1. Under sec. 935, D. C. Code [31 Stat. at L. 1341, chap. 854], an appeal lies to this court by the United States, from a judgment of the supreme court of the District of Columbia, sustaining demurrers to an indictment for violation of the act of Congress of March 1, 1909 (35 Stat. at L. 670, chap. 233; D. C. Code, secs. 869a, b, c, and d), prohibiting bucketing and bucket shopping, and to abolish bucket shops; and quashing the indictment and allowing the accused to go without day. (Following United States v. Cadarr, 24 App. D. C. 143; and distinguishing United States v. Evans, 30 App. D. C. 58, s. c. 213 U. S. 297, 53 L. ed. 803, 29 Sup. Ct. Rep. 507.)

2. It is an offense against the United States to violate the provisions of the act of Congress of March 1, 1909 (35 Stat. at L. 670, chap. 233), prohibiting bucketing and bucket shopping and abolishing bucket shops in the District of Columbia, and requiring prosecutions thereunder to be in the name of the District of Columbia; and therefore a conspiracy to commit such an offense is indictable in the name of the United States under sec. 5440, Rev. Stat. U. S. Comp. Stat. 1901, p. 3676, relating to the crime of conspiracy against the United States. (Citing Tyner v. United States, 23 App. D. C. 324; and Geist v. United States, 26 App. D. C. 594.)
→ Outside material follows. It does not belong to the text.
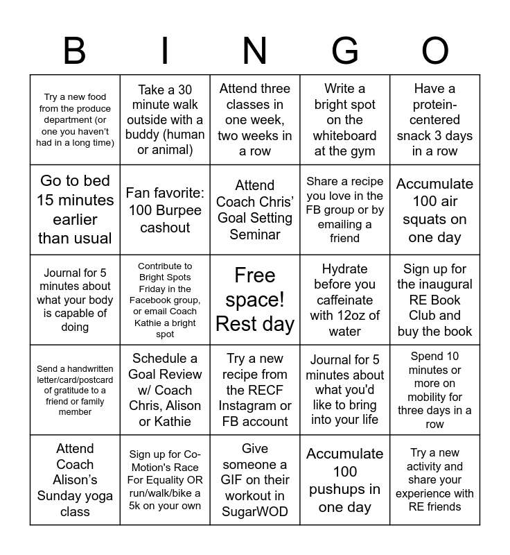 This bingo card has a free space and 24 words: Schedule a Goal Review w/ Coach Chris, Alison or Kathie, Sign up for Co-Motion's Race For Equality OR run/walk/bike a 5k on your own, Attend Coach Chris’ Goal Setting Seminar, Attend Coach Alison’s Sunday yoga class, Have a protein-centered snack 3 days in a row, Try a new food from the produce department (or one you haven’t had in a long time), Go to bed 15 minutes earlier than usual, Take a 30 minute walk outside with a buddy (human or animal), Hydrate before you caffeinate with 12oz of water, Try a new recipe from the RECF Instagram or FB account, Share a recipe you love in the FB group or by emailing a friend, Journal for 5 minutes about what your body is capable of doing, Journal for 5 minutes about what you'd like to bring into your life, Spend 10 minutes or more on mobility for three days in a row, Fan favorite: 100 Burpee cashout, Accumulate 100 pushups in one day, Sign up for the inaugural RE Book Club and buy the book, Attend three classes in one week, two weeks in a row, Accumulate 100 air squats on one day, Contribute to Bright Spots Friday in the Facebook group, or email Coach Kathie a bright spot, Try a new activity and share your experience with RE friends, Send a handwritten letter/card/postcard of gratitude to a friend or family member, Write a bright spot on the whiteboard at the gym and Give someone a GIF on their workout in SugarWOD.

3. In a charge of conspiracy, the conspiracy is the gist of the crime, and certainty, to a common intent sufficient to identify the offense which the accused conspired to commit, is all that is requisite in stating in the indictment the object of the conspiracy.

4. An indictment for conspiracy is sufficient where it clearly states the object of the conspiracy, the time when and place where it was entered into, and the manner in which it was to be carried out, although the particular part to be assumed or undertaken by each conspirator in the consummation of the unlawful scheme is not set forth. (Citing Hyde v. United States, 35 App. D. C. 451.)

5. If the ordinary individual, after reading a penal statute, knows exactly what he may or may not do, its meaning cannot be said to be ambiguous, and if such a statute be within the scope of the legislative authority, it is the duty of the courts to sustain and enforce it.